As I mentioned last week, drugs seem to follow US foreign policy as flies follow a horse's hind quarters. The "liberation" of Afghanistan is many ways the liberation of the global opium supply from the control of the Taliban. Iraq is becoming a major distribution point for middle-eastern drugs. And, of course, cocaine production and trafficking has always been a part of Colombian history and or the US relationship with Colombia.

And so have right-wing paramilitary groups, who frequently protect wealthy businessmen and drug lords.

The Colombian police heard in early May that a big deal was going down inside a gated luxury community southwest of Bogotá. On May 3 they followed Colombian suspects, two of whom turned out to be retired Colombian Army officers, to a house filled with twenty-nine metal crates of arms and 32,000 rounds of ammunition. The police were still taking inventory of the cache when two more suspects knocked on the door. The police arrested them, only to learn they were US soldiers. The Colombian police said the arms were bound for an illegal paramilitary group that the State Department considers to be both a drug-trafficking and a terrorist organization.
The United Self-Defense Forces of Colombia (AUC) were only designated a terrorist organization by the State Department on (ironically) September 10, 2001. Before that, we considered them to be part of a larger Colombian intelligence scheme to keep order.

Back in the 1960s the US military, according to its own documents, encouraged the Colombian military to organize rightist paramilitary forces to help fight leftist guerrillas. By the early 1980s, Colombian drug traffickers and large landowners together organized the paramilitaries into a national force to ward off kidnappings and other forms of extortion by leftist guerrillas.... One new intelligence network killed at least fifty-seven people, including trade unionists, community leaders and a journalist, according to judicial testimony. But charges were dropped after most of the witnesses were either murdered or disappeared.
So were these US weapons going to the AUC?

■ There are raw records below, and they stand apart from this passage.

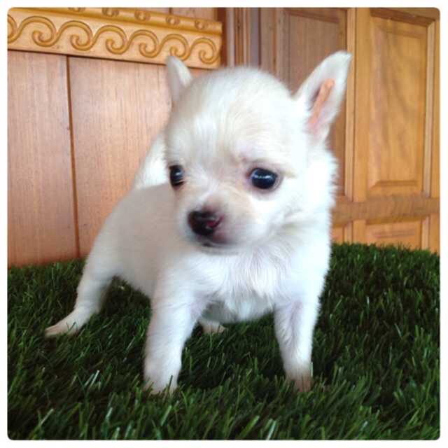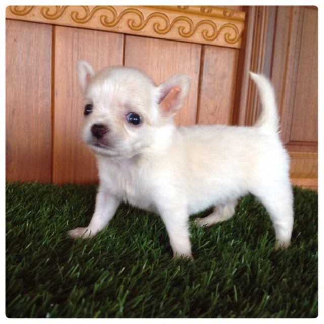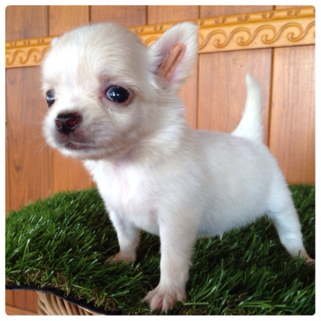ขายลูกสุนัขพันธ์ุชิวาวา ขนยาว เพศผู้ สีขาวครีม อายุ50วัน วัคซีนแล้ว ถ่ายพยาธิแล้ว (บริการส่งทั่วประเ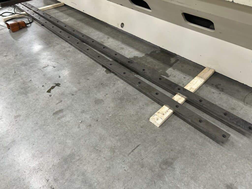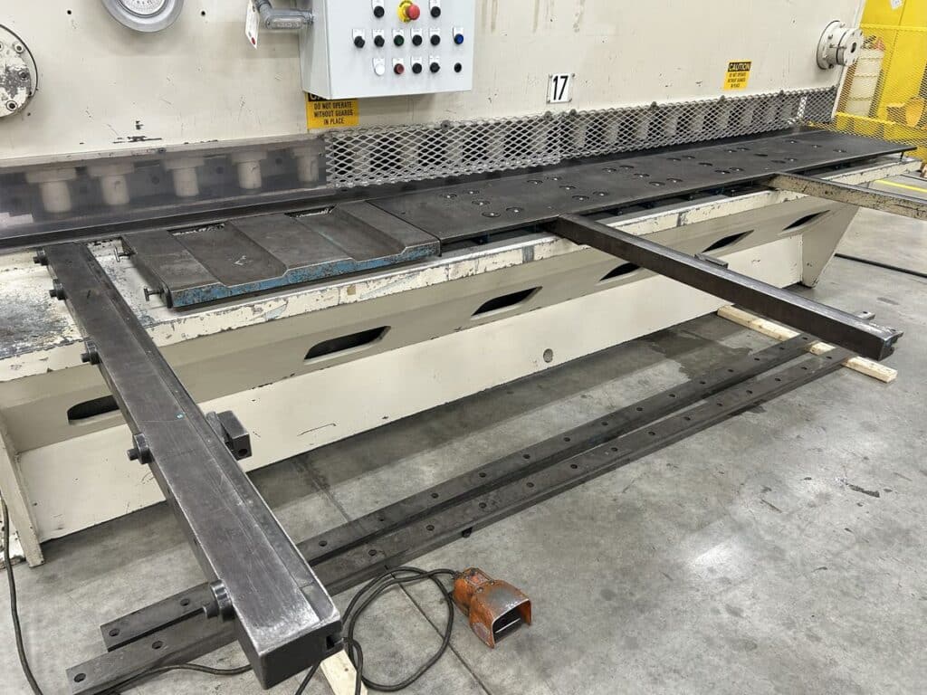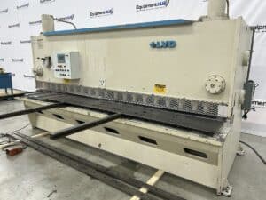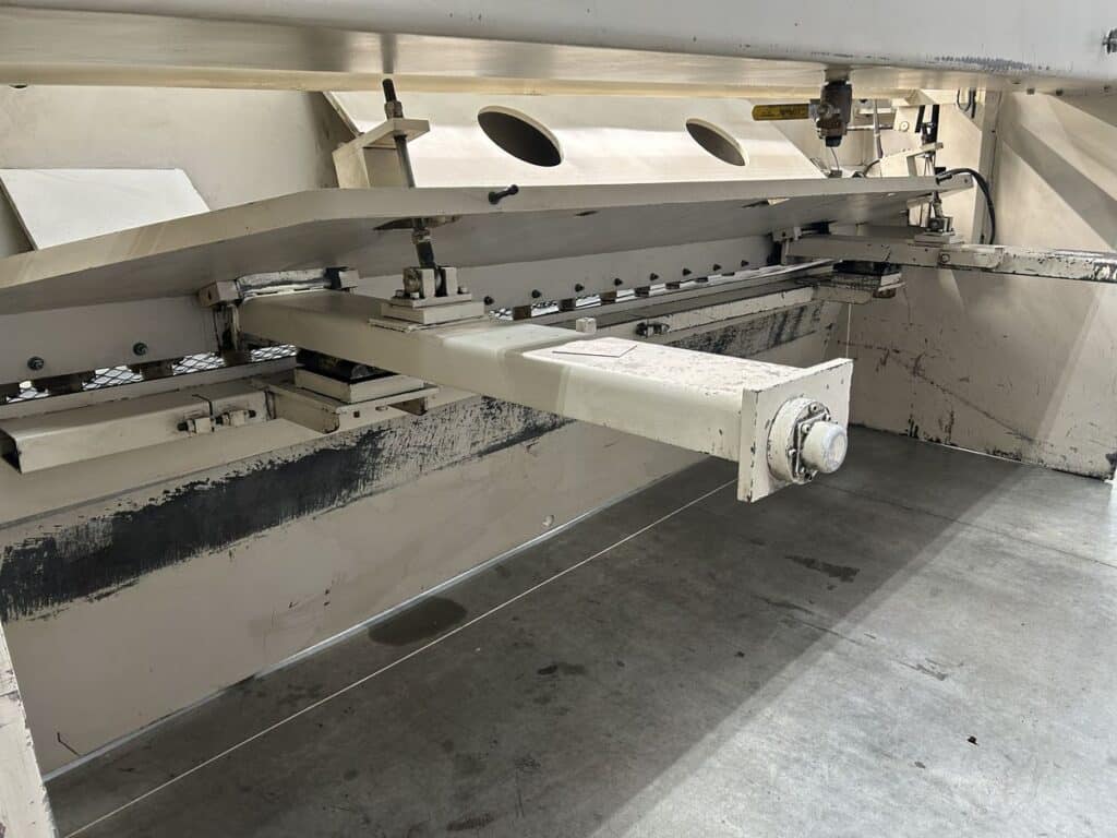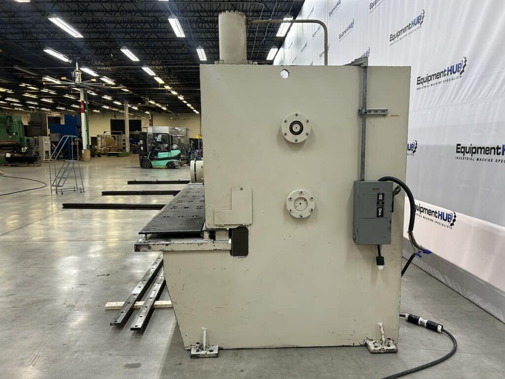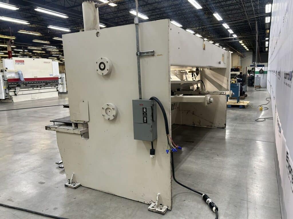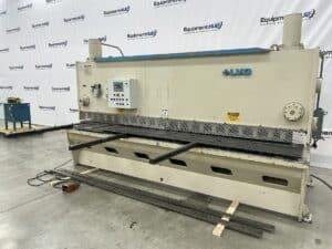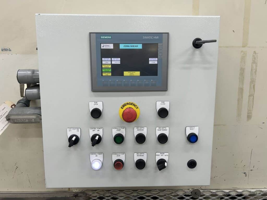 Front Operated Back Gauge Control with Positional Digital Readout, Squaring Arm, Front Arm Supports, Hydraulic Rake Angle Adjustment, Manual Blade Gap Adjustment, (2) Extra used blades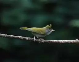 暗色鸦雀是莺科、鸦雀属小型鸟类,体长12-13厘米。嘴短而粗厚、黄色似鹦鹉嘴,头顶具短的羽冠、暗灰色,…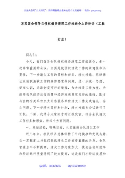 / 某某国企领导在债权债务清理工作推进会上的讲话(工程行业)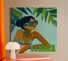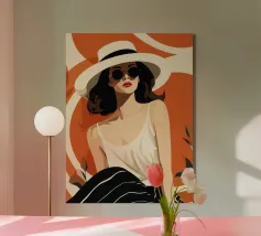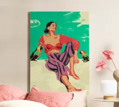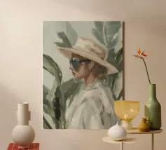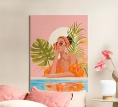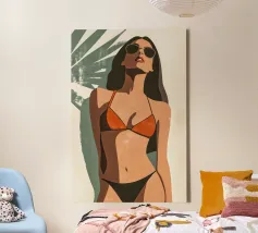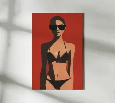 Un ritratto audace e solare che trasmette il fascino dell'estate vintage. Questo dipinto digitale presenta una donna sicura di sé in bikini rosso, accovacciata con grazia su uno sfondo di foglie tropicali sovradimensionate e fogliame dorato. Gli occhiali da sole a occhi di gatto e il vivace foulard strizzano l'occhio alla moda rétro, mentre i tratti pittorici sciolti e la tavolozza calda creano un'energia dinamica ed espressiva. Una celebrazione della femminilità, del calore e dello stile senza tempo: questo pezzo irradia vibrazioni vacanziere, ritmo tropicale e spensierata sicurezza di sé.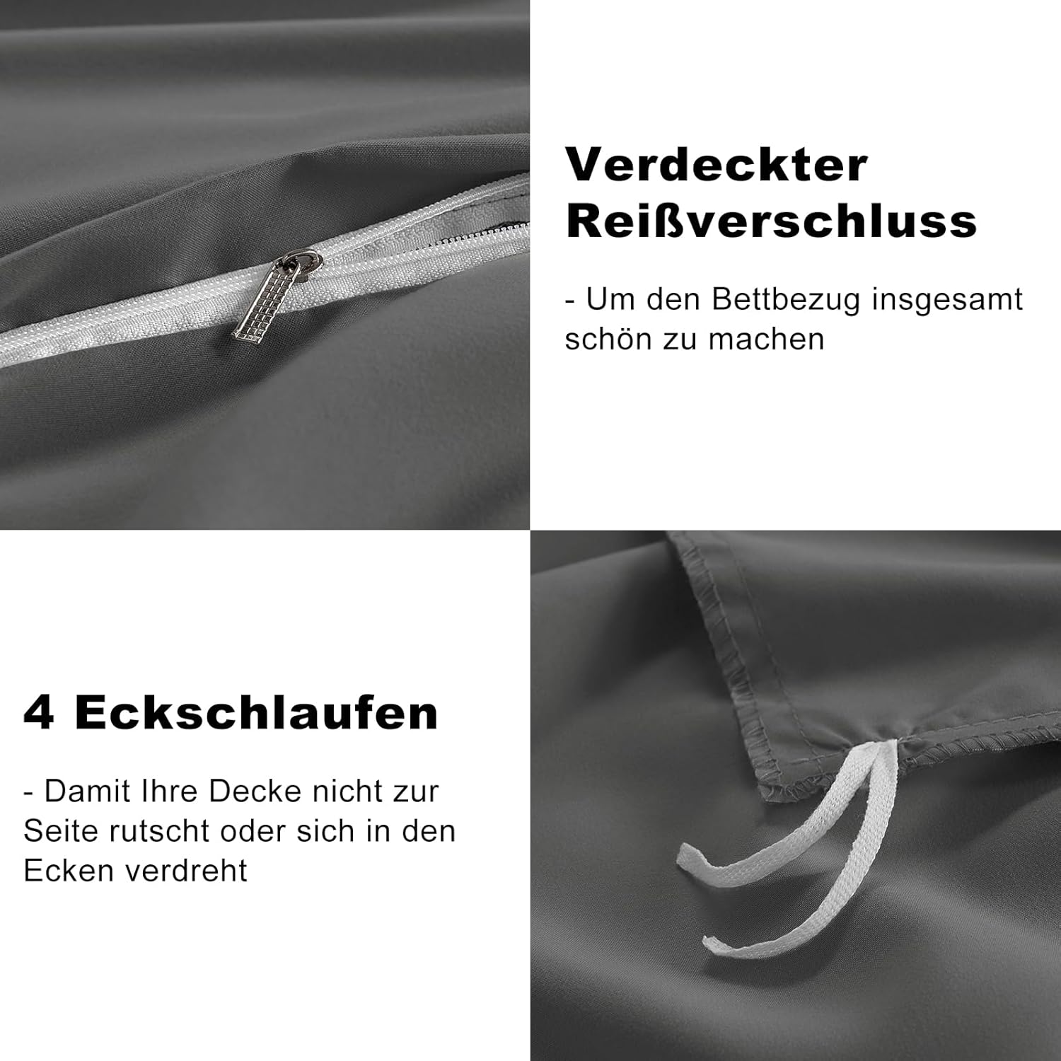 - 🔸Exquisite Reissverschlüsse und Bänder – Der Bettbezug ist mit hochwertigen Reissverschlüssen ausgestattet und lässt sich schnell an- und ausziehen. Ausserdem sind in den vier Ecken praktische Bänder eingenäht, die Ihre Decke an der richtigen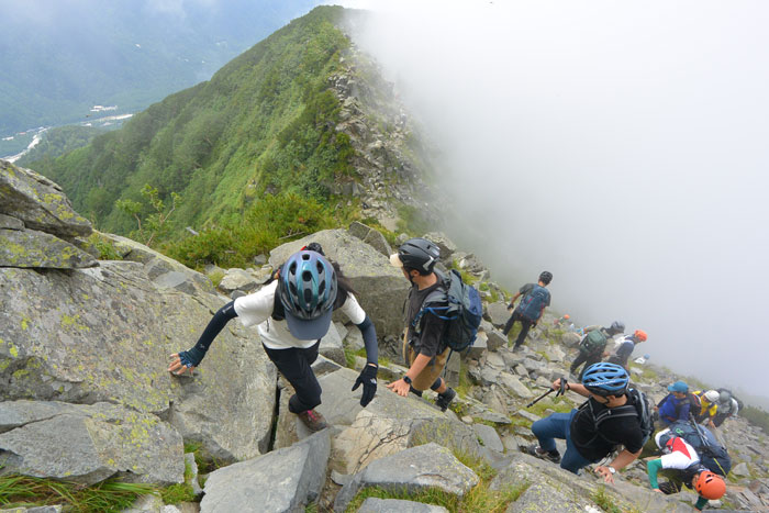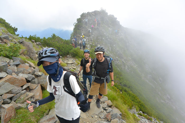 ここからはちょっとした崖登りです。人も多く浮石も多いので自転車用ですがヘルメットを着用。みんないっぱしのやまのぼらーに見えます。

The State Department spokesman in Washington, Richard Boucher, denied that the arms were part of a secret US effort to arm Colombian paramilitaries. But he still refuses to say whether the arms are part of the unprecedented $3.3 billion in military aid the United States began sending in 2000 as part of Plan Colombia. The Colombian attorney general's office, which is now investigating the case, said that the arms had been diverted from US stockpiles. The Colombian television station RCN broadcast footage of arms with US markings.
And the two US soldiers?

US warrant officer Allan Tanquary and Sgt. Jesus Hernandez are now back in the United States, where officials say they may face criminal charges. "We're committed," said spokesman Boucher, "to a full investigation."
Uh-huh. Yeah. Okay.

Now, let's get this straight: Colombia is our ALLY in Latin America, and Uruguay, Brazil, Argentina, Venezuela, and other left-of-center social democracies constitute a "New Axis of Evil,"TM do I have that right?

There's something dreadfully wrong here.